Doppler flow around a DVT, popliteal vein (own image)

 

The Evidence

A meta-analysis published in 2019, looked at 16 articles utilizing either 2-point compression or 3-point compression and found comparable sensitivities and specificities for proximal DVT, with no statistically significant difference (1):

 

2-point compression technique

Sensitivity 91%

Specificity 98%

 

3-point compression technique

Sensitivity 90%

Specificity 95%

 

Although there was no statistically significant difference between tests, many clinicians still recommend performing the 3-point compression, to include visualization of the femoral vein.

Other studies have quoted sensitivities ranging from 93% to as high as 100% (3).

It’s important to note that compression ultrasound alone is not accurate at picking up below-knee DVT. It is rare for below-knee DVT to progress to pulmonary embolism without first extending to an above-knee DVT. Therefore, although proximal DVT is of more clinical significance in the emergency department, a negative proximal PoCUS DVT scan should be followed by a repeat scan in 5-7 days to ensure a below-knee DVT was not missed. (3)

 

Pitfalls (false positives and negatives)

False negatives

  • Small, non-occlusive DVTs may near completely compress under applied probe pressure. Ensure complete vein occlusion when applying pressure during scan.
  • Excessive probe pressure. If enough pressure is applied to compress the adjacent artery, then a DVT may also be compressed.
  • A pelvic vein DVT may be missed either due to starting the scan to distally or being unable to compress the vein due to its location. Further imaging may be required if high clinical suspicion including venography, MRI, or extended ultrasound to include the iliac vessels and IVC (3,4).

 

False positives

  • Lymph nodes can appear as non-compressible vessels. If in doubt, rotating the probe in a longitudinal orientation will reveal the spherical nature of the lymph node.
  • Superficial thrombophlebitis. These non-compressible superficial veins may be mistaken for deep veins. The major difference is superficial veins should not accompany arteries.
  • Recanalized DVT. Old thrombi that have recanalized may not compress appropriately under probe pressure, but flow should be apparent on color doppler imaging. (3,4,5)

 

Approach to DVT Diagnosis/exclusion

One in three patients with untreated DVTs will progress to clinically significant pulmonary emboli, thus diagnosis and treatment of DVT is vitally important.

Although a positive scan is very helpful, a negative scan does not rule out a thrombus, specifically a below-knee DVT, which can propagate to an above-knee DVT, and eventually a PE given time.

Multiple diagnostic approaches have been described, incorporating the DVT PoCUS scan, well established risk stratification tools (Such as Well’s criteria), and repeat imaging.
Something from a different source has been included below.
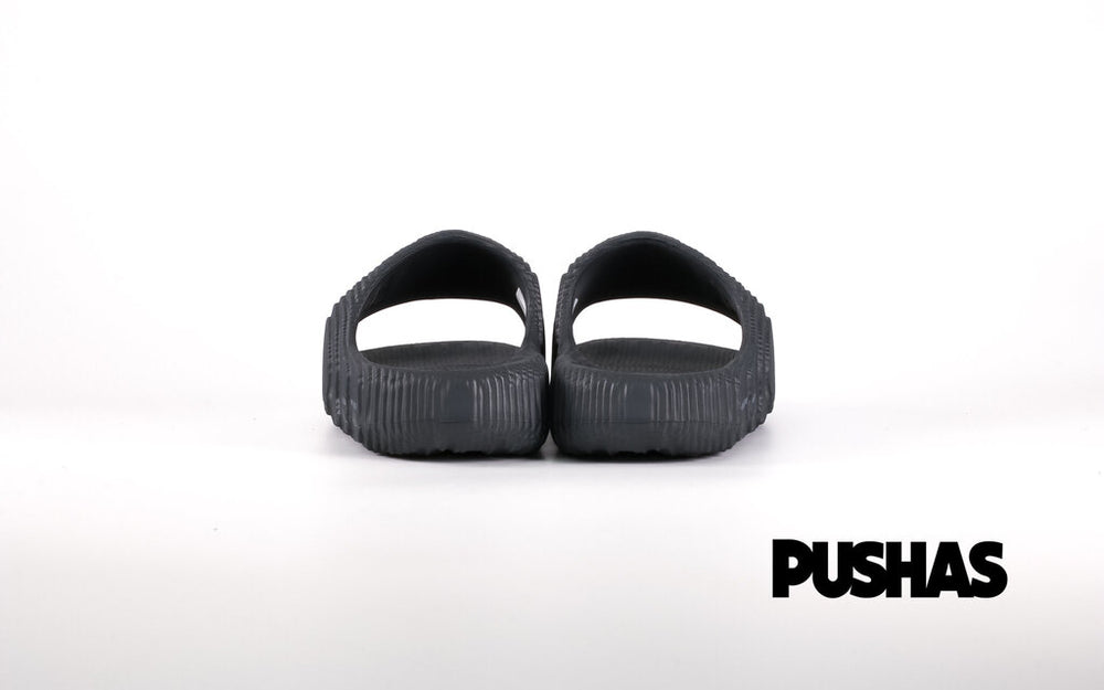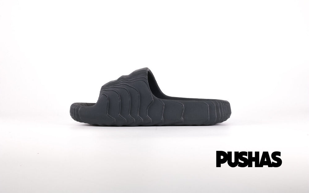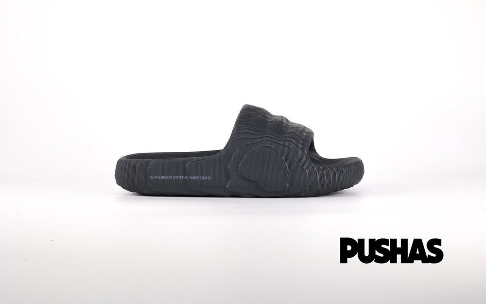 Buy the Adidas Adilette 22 Slides 'Carbon Black' (2022) are open-toe sandals that feature a rubber outsole with synthetic inner and outer lining. The sandals have a 3D topographical design on the outside and a contoured footbed.

Below is one such approach, adapted from Mazzolai 2017. (5,6)

 

DVT diagnostic algorithm (5)

 

Bottom Line

DVT PoCUS is a (relatively) simple scan, that can be performed quickly and used to assess for proximal DVT. Its utility is well recognized, and it is considered one of the core ultrasound applications for emergency medicine physicians by the American College of Emergency Physicians.
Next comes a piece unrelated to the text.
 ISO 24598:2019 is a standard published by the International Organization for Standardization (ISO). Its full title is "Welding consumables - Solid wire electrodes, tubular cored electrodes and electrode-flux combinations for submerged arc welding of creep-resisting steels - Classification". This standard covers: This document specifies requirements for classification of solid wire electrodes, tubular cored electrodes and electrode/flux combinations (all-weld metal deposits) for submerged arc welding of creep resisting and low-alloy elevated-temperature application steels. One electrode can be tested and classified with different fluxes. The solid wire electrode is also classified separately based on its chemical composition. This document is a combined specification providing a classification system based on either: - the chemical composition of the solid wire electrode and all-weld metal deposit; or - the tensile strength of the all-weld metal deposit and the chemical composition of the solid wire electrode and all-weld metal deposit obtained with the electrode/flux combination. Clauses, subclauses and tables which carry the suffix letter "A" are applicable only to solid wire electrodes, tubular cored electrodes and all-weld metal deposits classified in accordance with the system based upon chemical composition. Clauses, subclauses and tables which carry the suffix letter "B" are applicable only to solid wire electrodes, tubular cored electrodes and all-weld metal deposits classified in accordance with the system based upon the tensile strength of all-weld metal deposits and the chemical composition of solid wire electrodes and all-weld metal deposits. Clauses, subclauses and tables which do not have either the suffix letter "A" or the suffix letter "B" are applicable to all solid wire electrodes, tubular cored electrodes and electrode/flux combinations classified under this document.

When assessing for DVT, the PoCUS scan should be incorporated into a diagnostic algorithm along with other risk stratification tools, and due to its low sensitivity for below-knee DVT, repeat imaging in the context of a negative scan may be warranted.

 


References

  1. Lee, J. H., Lee, S. H., & Yun, S. J. (2019). Comparison of 2-point and 3-point point-of-care ultrasound techniques for deep vein thrombosis at the Emergency Department. Medicine, 98(22).
  2. Varrias, D., Palaiodimos, L., Balasubramanian, P., Barrera, C. A., Nauka, P., Melainis, A. A., Zamora, C., Zavras, P., Napolitano, M., Gulani, P., Ntaios, G., Faillace, R. T., & Galen, B. (2021). The use of point-of-care ultrasound (Pocus) in the diagnosis of deep vein thrombosis. Journal of Clinical Medicine, 10(17), 3903.
  3. Atkinson, P., Bowra, J., Harris, T., Jarman, B., & Lewis, D. (2019). Point-of-care ultrasound for Emergency Medicine and Resuscitation. Oxford University Press
  4. Socransky, S., & Wiss, R. (2016). Essentials of point-of-care ultrasound: The ede book. The EDE 2 Course, Inc.
  5. Dinh, V. (n.d.). DVT Ultrasound made easy: Step-by-step guide. POCUS 101. Retrieved November 26, 2021, from https://www.pocus101.com/dvt-ultrasound-made-easy-step-by-step-guide/.
  6. Mazzolai, L., Aboyans, V., Ageno, W., Agnelli, G., Alatri, A., Bauersachs, R., Brekelmans, M. P., Büller, H. R., Elias, A., Farge, D., Konstantinides, S., Palareti, G., Prandoni, P., Righini, M., Torbicki, A., Vlachopoulos, C., & Brodmann, M. (2017). Diagnosis and management of acute deep vein thrombosis: A joint consensus document from the European Society of cardiology working groups of aorta and peripheral vascular diseases and pulmonary circulation and right ventricular function. European Heart Journal, 39(47), 4208–4218.
  7. Deep vein thrombosis (DVT). ACEP Symbol. (n.d.). Retrieved November 29, 2021, from https://www.acep.org/sonoguide/basic/dvt/.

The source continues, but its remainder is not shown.